One recent victory was securing broadcast rights to the Princeton Symphony Orchestra: It's the first unionized group the station has acquired firsthand, catching the institution during a period of artistic growth under Rossen Milanov, whose strong Philadelphia reputation (he was the Philadelphia Orchestra's associate conductor for more than a decade) reflects the station's new-found priorities.

Two leasing agreements, negotiated over several years, have broadened the station's spread: one with WKVP in Cherry Hill that started this summer, another with Columbia University's WKCR, which gave the station a New York City presence last year.

However advantageous its positioning in this rich Philadelphia-to-New York classical-music corridor, the catch is that both those stations are HD2. When high-definition digital radio arrived a few years ago, each signal came with four channels, only the first of which is needed by the consumer. The third and fourth channels are best saved for utilitarian purposes (sound quality isn't great) but the second channel is full of possibilities.

If only the listening public didn't need to invest in new hardware - an HD receiver that costs about $70 (usually with a CD player and an iPod dock). Such receivers are common in the United Kingdom, where the analog FM signal eventually will be shut off. No such deadlines have been set in the United States, so sales have been slower.

Also, WWFM's HD2 coverage of the Philadelphia market includes Center City but not outlying areas, such as Chestnut Hill, that have prime classical-music demographics. Without HD hardware, the FM signal from Princeton Junction can be heard in Center City, but not dependably.

But even with HD2 in a nascent state, Fretwell is confident of meeting the terms of the five-year agreements he struck at Columbia and in Cherry Hill. Roughly speaking, he needs a thousand new listener members both from Philadelphia and New York City - a more viable option than raising the $40 million to acquire a major FM signal.

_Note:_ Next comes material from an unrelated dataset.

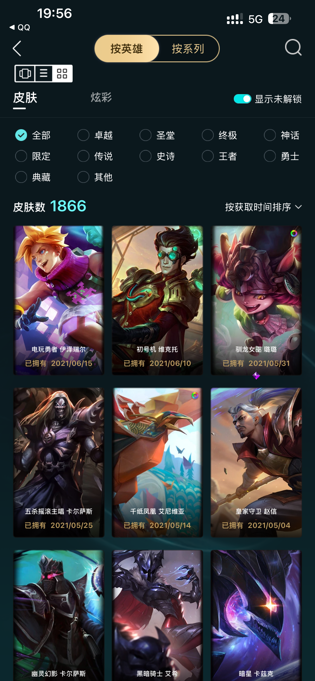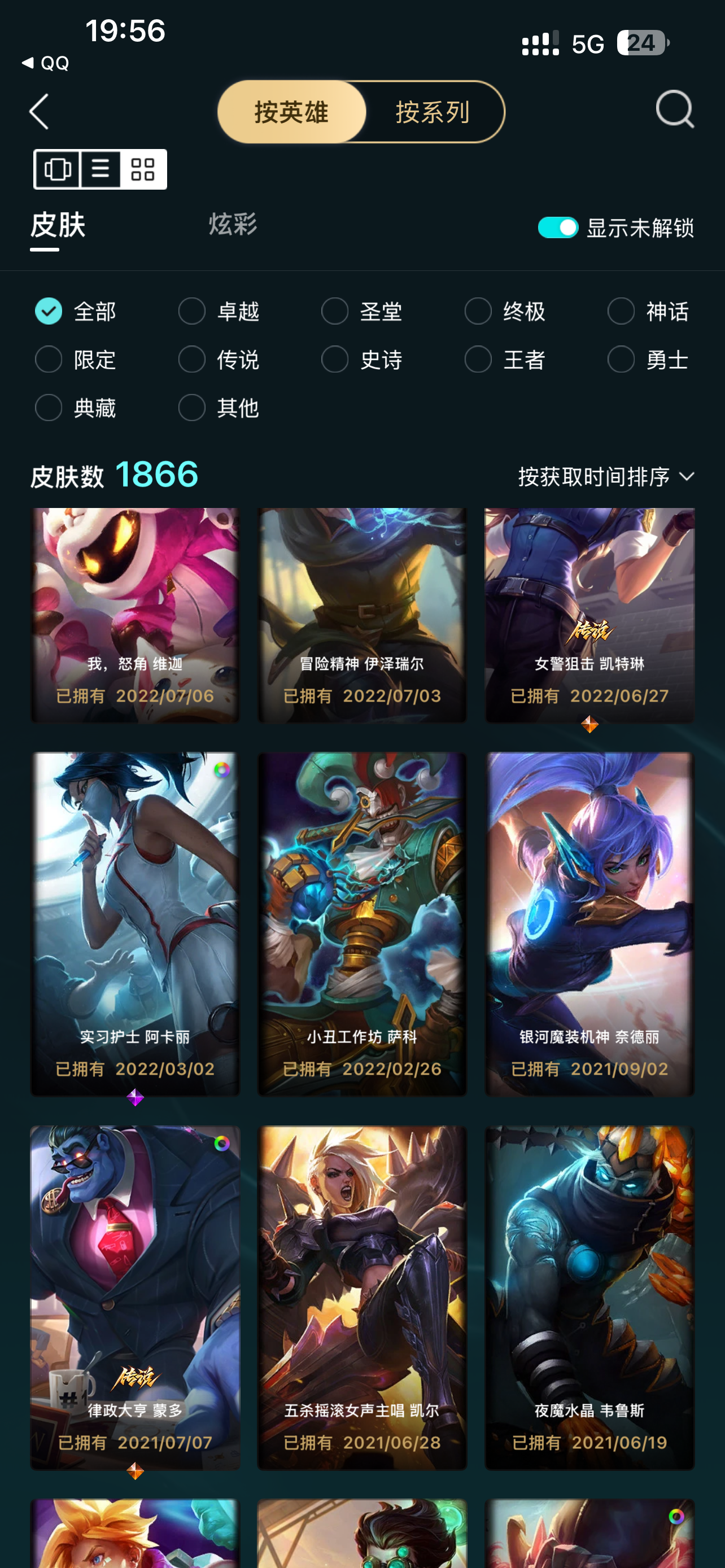 有两个区艾欧尼亚和黑设玫瑰。都市全英雄皮肤相差不大

Even if HD2 ends up fading in the quickly changing technological landscape, WWFM's contingency is Web radio. That's nothing new - nearly every radio station has had a Web presence for years - but with new vehicles increasingly being equipped with WiFi, Web radio now can be accessed without parking in front of one's home computer.

That option could also bring WWFM into competition with the heavily subsidized classical stations in England, France, and the Netherlands. But there's a reason why it already has scattered listeners as far away as Singapore: For all its lack of budget, the station is unlike any other.

"How many classical stations do you need if they're all doing the same thing?" asks Fretwell. "We're in a community college. We don't have deep pockets. Why joust with a guy who has deeper pockets? My only hope for surviving is to treat high art like high art and hope there are enough people who agree with that."